[Data shown]:
○ ○ ○

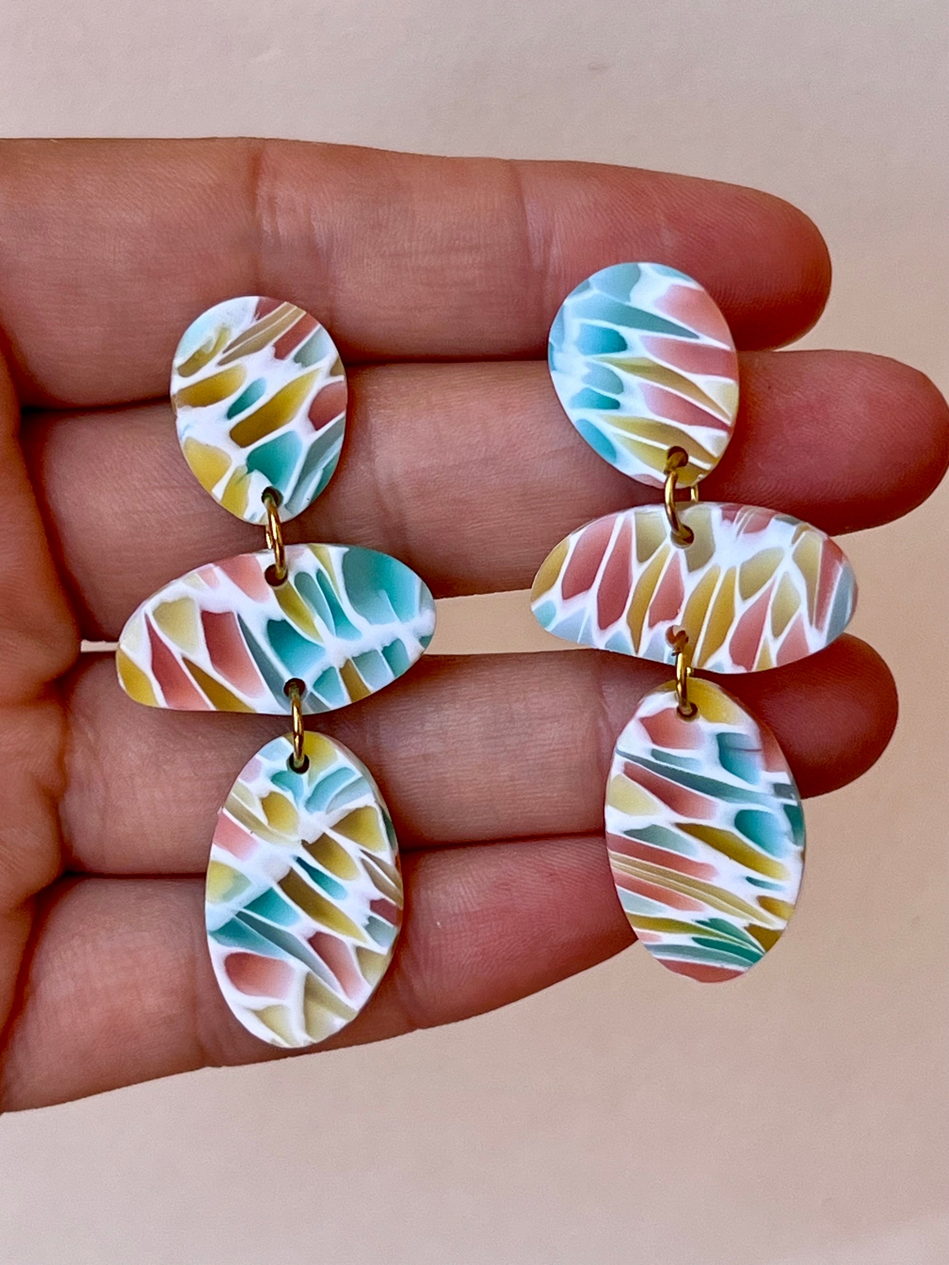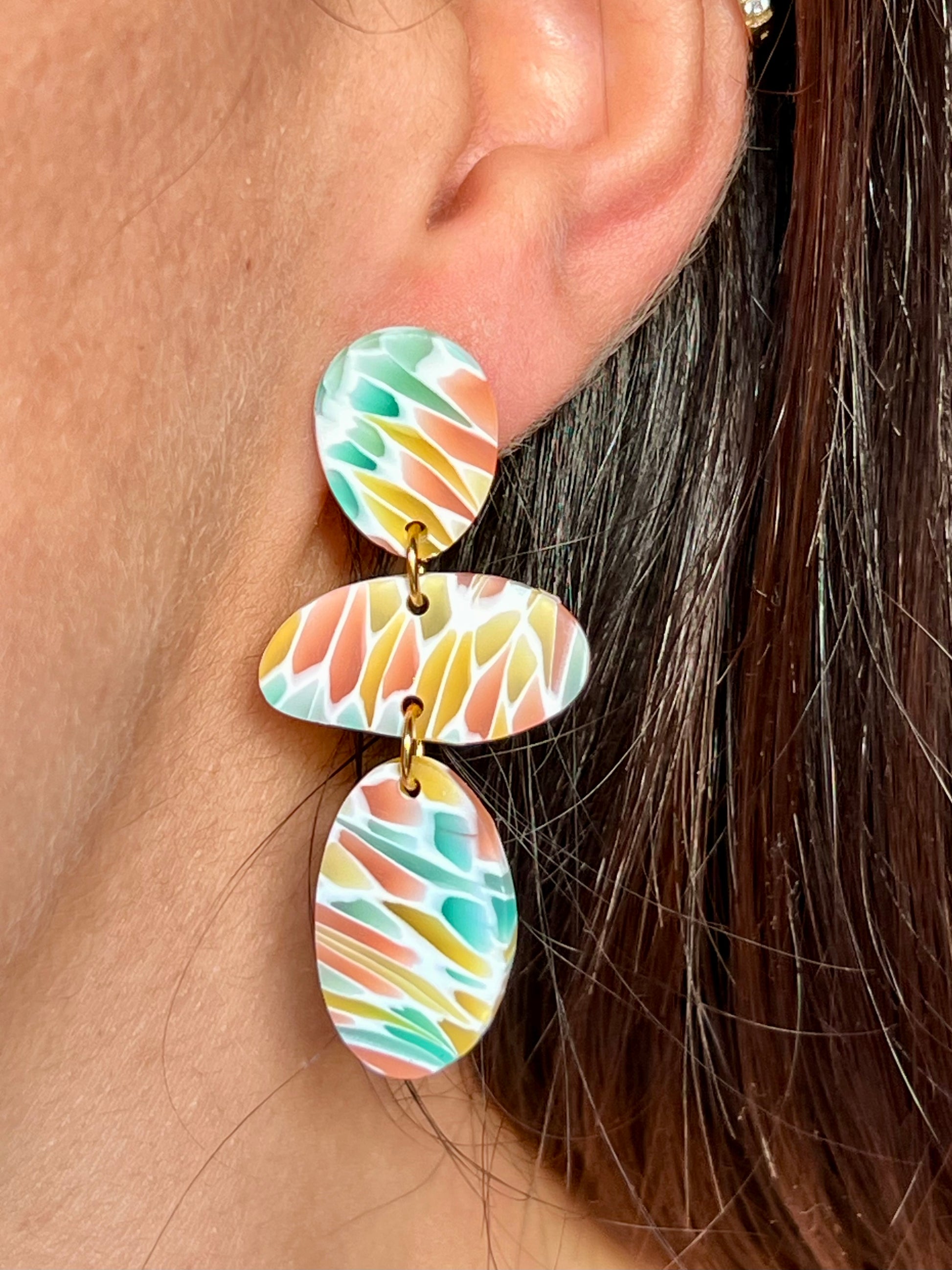 Pendientes hechos a mano de arcilla polimérica y cierres de acero inoxidable hipoalergénico.
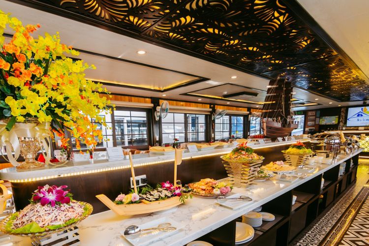 12:30: Enjoy a special lunch with more than 30 dishes on the boat.While having lunch, the boat will pass by the beautiful scenery on both sides with thousands of limestone such as Fighting Chicken and Incense Buner Islets – 2 symbols of Halong Bay
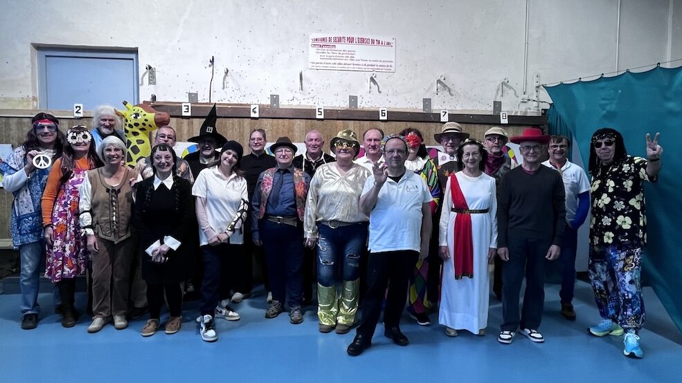 Ce samedi 28 février nous étions 22 archers déguisés de la tête aux pieds , chacun avait incarné son personnage préféré : super-héros, personnages historiques, personnages des années 80 , et même un animal : une girafe
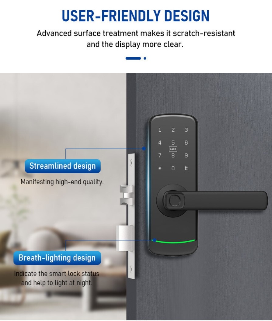 - Six Unlocking Modes: Fingerprint, Password, RFID Card, App, Mechanical Key, BLE/WiFi Access.

○ ○ ○

[Exercise]:
Starting with the line that contains "12:30: Enjoy a", repeat each line exactly until the listing ends, including the last one. Leave pictures out.

[Solution for this problem]:
 12:30: Enjoy a special lunch with more than 30 dishes on the boat.While having lunch, the boat will pass by the beautiful scenery on both sides with thousands of limestone such as Fighting Chicken and Incense Buner Islets – 2 symbols of Halong Bay
 Ce samedi 28 février nous étions 22 archers déguisés de la tête aux pieds , chacun avait incarné son personnage préféré : super-héros, personnages historiques, personnages des années 80 , et même un animal : une girafe
 - Six Unlocking Modes: Fingerprint, Password, RFID Card, App, Mechanical Key, BLE/WiFi Access.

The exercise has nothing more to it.